Ever-optimistic Duffner may be too nice for Terps' good

Phil Jackman

October 05, 1993|By Phil Jackman

COLLEGE PARK -- They should call this place Mr. Rogers' Neighborhood during the football season. And the coach of the football team certainly fits the description of Captain Nice, too.

Where else would a weekly poop session with a coach, whose team just absorbed a 70-7 shellacking, start with his commenting on what a fine day it was, weather-wise, then ordering up a standing ovation for the folks who prepared the mushroom soup?

There is much to be said about the good that can be created by positive reinforcement, the manner in which Maryland's mentor Mark Duffner chooses to deal with his team without exception. But there comes a time. . .

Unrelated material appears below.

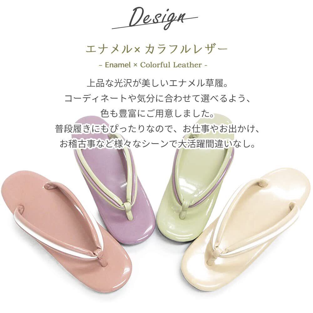 上品な光沢が美しいエナメルウレタン草履でございます。コーディネートや気分に合わせて選べるよう、色も豊富にご用意しました。

Did you know the Terrapins did a heckuva job the other night stopping Penn State when it had a first down on the Maryland 5-yard line? "And look at the number of times we forced them to punt," noted the coach, proudly.

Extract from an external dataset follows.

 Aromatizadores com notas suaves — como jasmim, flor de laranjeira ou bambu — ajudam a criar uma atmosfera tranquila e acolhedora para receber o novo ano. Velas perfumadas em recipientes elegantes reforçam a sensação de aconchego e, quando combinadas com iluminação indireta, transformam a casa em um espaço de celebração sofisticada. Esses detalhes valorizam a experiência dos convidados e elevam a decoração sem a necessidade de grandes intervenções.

Duffner then rattled off the names of several players who played well and what a positive experience it was because (1) it was an opportunity to play a fine team, (2) the Terrapins didn't quit, and (3) running back Mark Mason got through the fifth game without injury.

The coach was flying now: "Our simplified defensive scheme got more guys to the ball quicker."

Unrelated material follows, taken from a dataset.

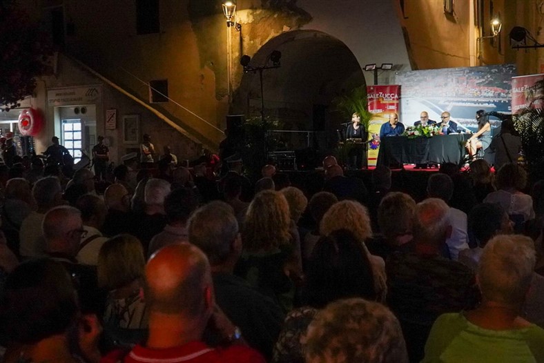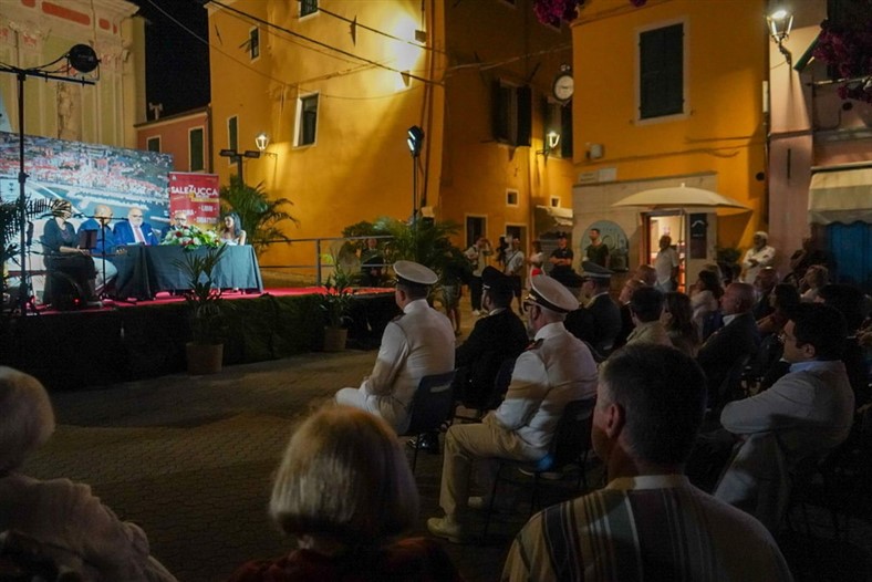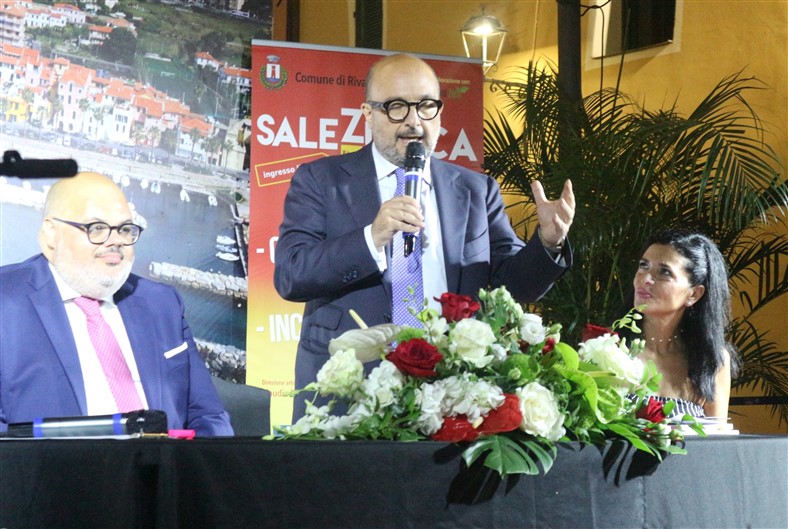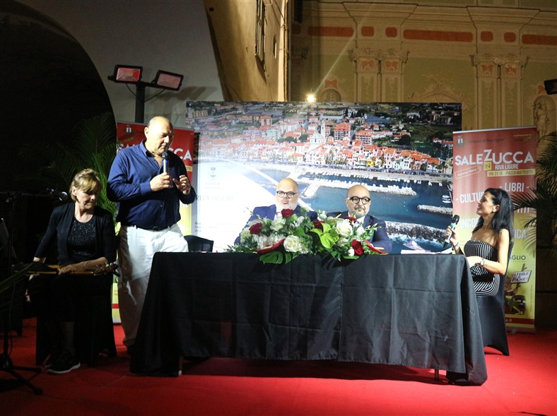 La rassegna "Sale in Zucca" promossa dal Comune di Riva Ligure ha avuto un inizio spettacolare con il primo evento che ha visto la partecipazione di oltre 300 persone. Il ministro della cultura Gennaro Sangiuliano insieme a Cristina Carbotti, Marisa Fagnani, Renata Cantamessa e Claudio Porchia sono stati i protagonisti di una serata ricca di emozioni e applausi.

Only problem was what happened when they got there: nothing. Most of the lads in red shirts didn't even get the number of the Penn State ball carrier as he sped away.

Ear-witnesses would swear the coach was talking about a tough loss to the Nittany Lions, not this 63-point humiliation. And this on the wings of losses that have seen Maryland allow point totals of 43-59-42-55. Remember, this ain't bingo or basketball.

As he has said after every pounding, Duffner offered, "I take the responsibility for the execution of our football team." That's very noble of him, but it's also foolhardy and, perhaps, counter-productive.

Football isn't charm school, basic training for a night at the ballet or a nature walk in such locales as Tallahassee, Chapel Hill and Blacksburg on warm fall afternoons. It seems well past the time when the coach should stop covering up for his staff and the hired hands.

After all, Maryland has handed out dozens and dozens of scholarships that are worth anywhere from $10,000 to $15,000 per year and with the acceptance of same by players comes the responsibility of performing reasonably well.

At the same time, the Terps have a battery of assistant coaches drawing handsome salaries who carry the responsibility of recruiting well and preparing players to perform in a reasonable manner. You begin to question their effectiveness when they put in 12- and 14-hour days consistently and, if anything, the team appears to be regressing.

After spring practice, what is now referred to as "fall camp" by coaches and five games against admittedly-tough competition, Maryland's team is giving indication that it is not football it is engaged in. Touch football, maybe, or flag football.

Mark Duffner insists he's never going to take a "woe is me, down in the dumps attitude," which is admirable. But if after each succeeding loss, the only things players hear is that they're a swell bunch and they're young and improving and things will be all right, the current sorry situation might go on forever.

"The key thing is for us to stay together," says Duffner. "We've got a second season starting now. We have to be focused toward the great opportunity we face at Georgia Tech this week."

Wrong, coach, the key is for the players to become better individually, then to put a cast out there that can play a reasonably balanced game in all facets of football. That means blocking and tackling, running and getting away from a hellzapoppin' offense that places an alarmingly inept defense on the field any more than necessary.

The Terps have been exciting to watch when they have the ball, as attests their scoring totals of 29-42-37-28 prior to Saturday night. But it was inevitable that some opponent would get serious about stopping them, as Penn State obviously did, and you saw the results: five sacks, four interceptions, two fumbles.

"These things put added pressure on our defense," said the coach. "We were disrupted in the execution of our attack and never were able to get into effective synchronization."

No kidding.

Captain Bligh, Simon Legree, Frank Kush, any of you guys interested in coming in here and kicking some positive reinforcement?